岩本さんらが発見した新彗星(矢印、岩本さん提供)

 徳島県阿波市阿波町早田のアマチュア天文家・岩本雅之さん(64)らが新彗星(すいせい)を発見し、「マックホルツ・藤川・岩本彗星」と命名された。日本人による彗星の発見は、岩本さん自身による2013年3月以来、5年ぶり。国際天文学連合(本部パリ)の天文電報中央局(米国)が11日(現地時間)に発表した。

 岩本さんの発見時刻は8日午前5時10分ごろ。自宅2階のベランダから、天体撮影専用レンズ付きのカメラで約50枚撮影した。

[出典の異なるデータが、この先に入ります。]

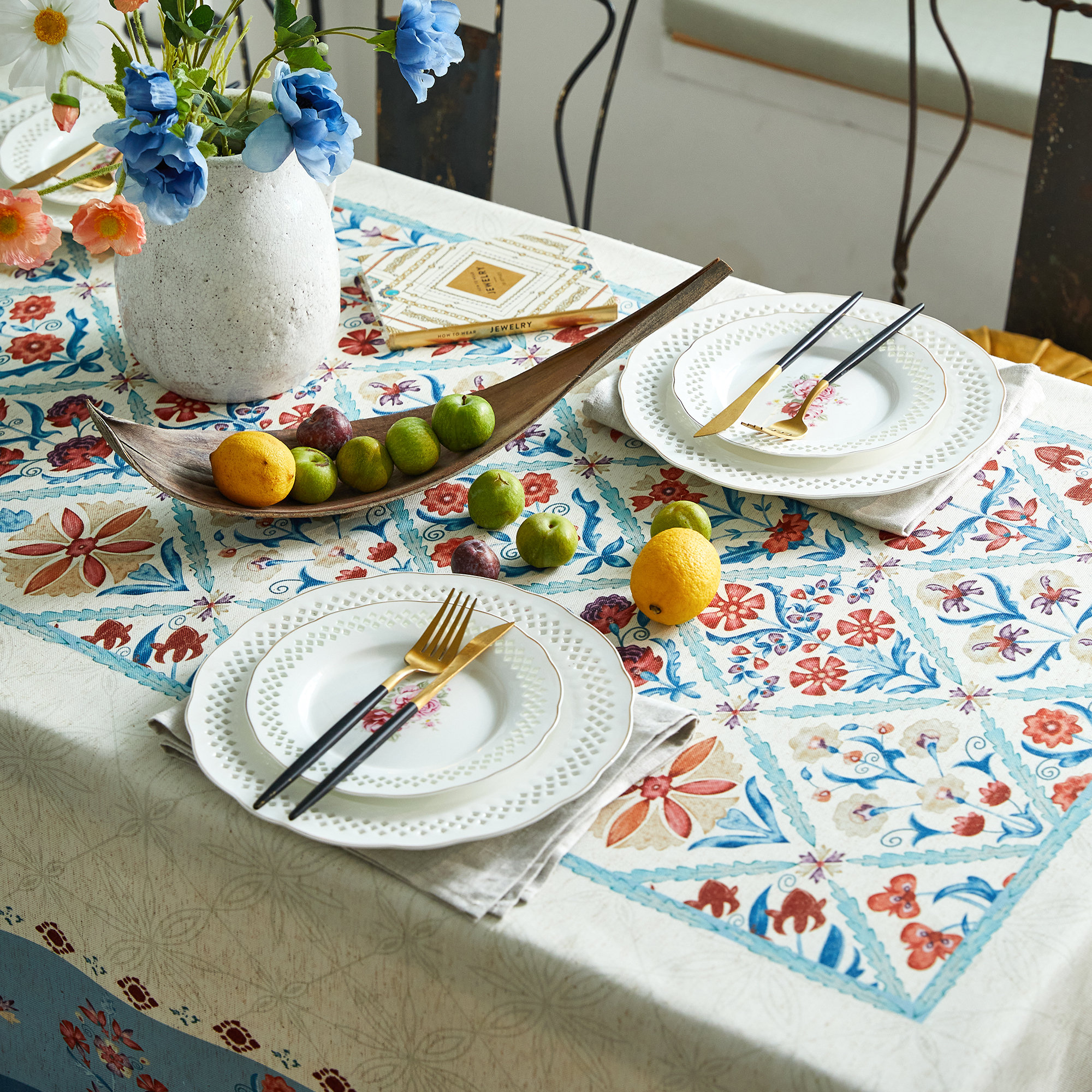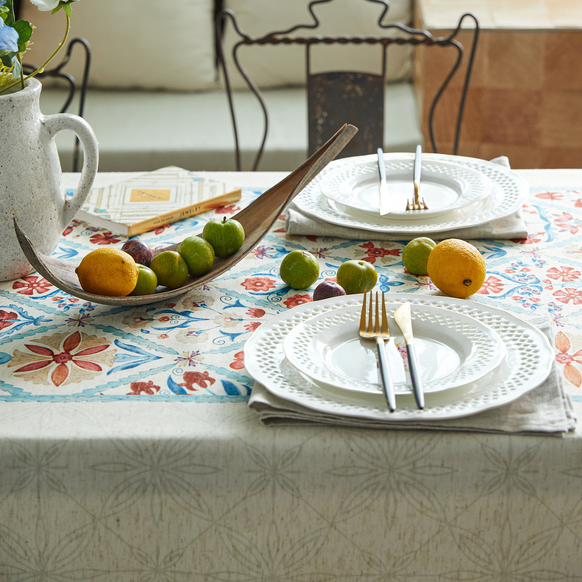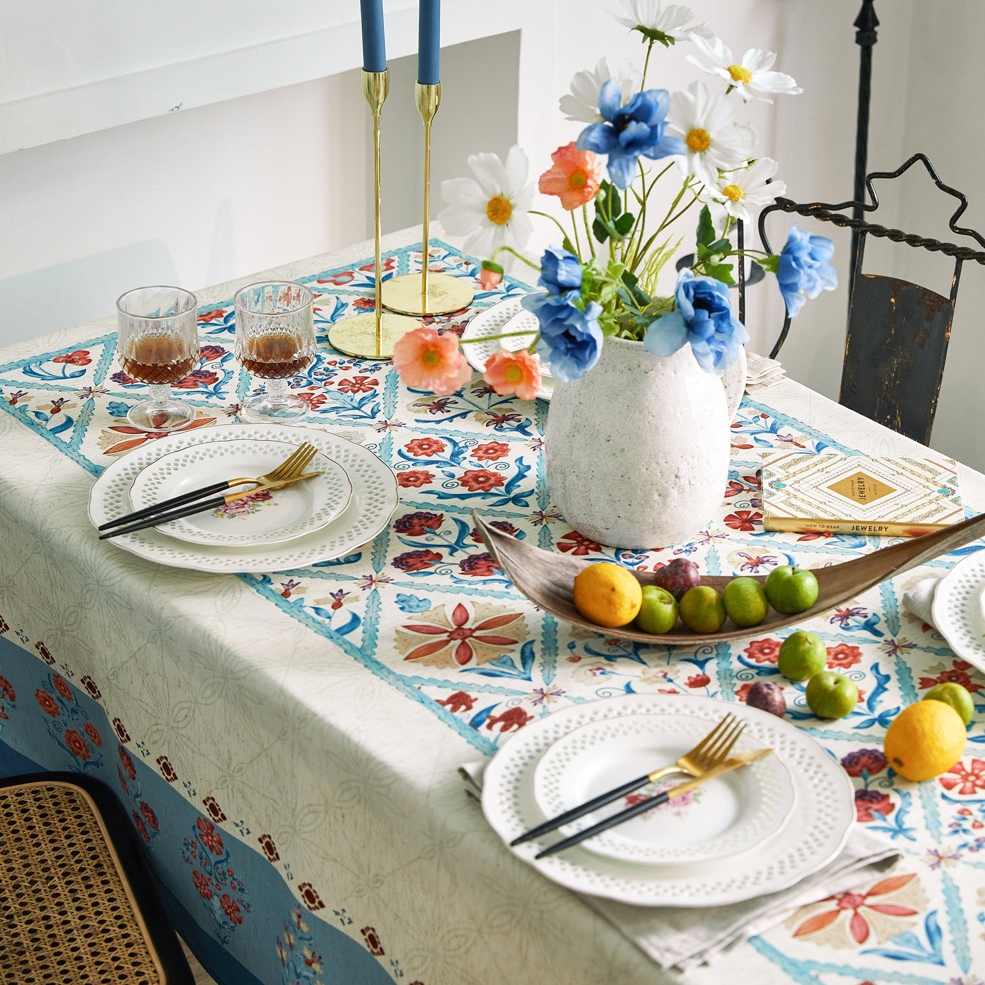 Pair with white porcelain or glassware, a wooden tray, and light gold or bronze candlesticks to create a gentle French brunch atmosphere.

 画像をパソコンに取り込んで分析したところ、東の空を撮影した3枚がおとめ座の中に彗星をとらえていた。岩本さんは星図やインターネットで調べて未確認の彗星と判断し、国立天文台(東京)に画像データを送った。

 10等星程度の明るさで、肉眼では確認できない。今回の彗星は、香川県観音寺市の藤川繁久さんと米国のD・E・マックホルツさんも発見しており、発見順に「マックホルツ・藤川・岩本彗星(Machholz―Fujikawa―Iwamoto)」と名付けられた。

 阿南市科学センターによると、海外の大学などの研究機関がロボット望遠鏡を用いて自動観測を行う中、アマチュアによる新彗星の発見は極めて珍しいという。今村和義学芸員は「岩本さんの日々の観測の積み重ねが実を結んだもので、ものすごい快挙だ」と話す。

 天体観測歴四十数年の岩本さんはこれまで小惑星19個を発見、5個は「阿波」「土柱」などと名付けられた。13年には、13等星の彗星を発見し「Iwamoto」と命名されている。岩本さんは「運が良ければもう一度発見できるかなと思っていたが、前回よりも明るい彗星を発見できてとてもうれしい」と話した。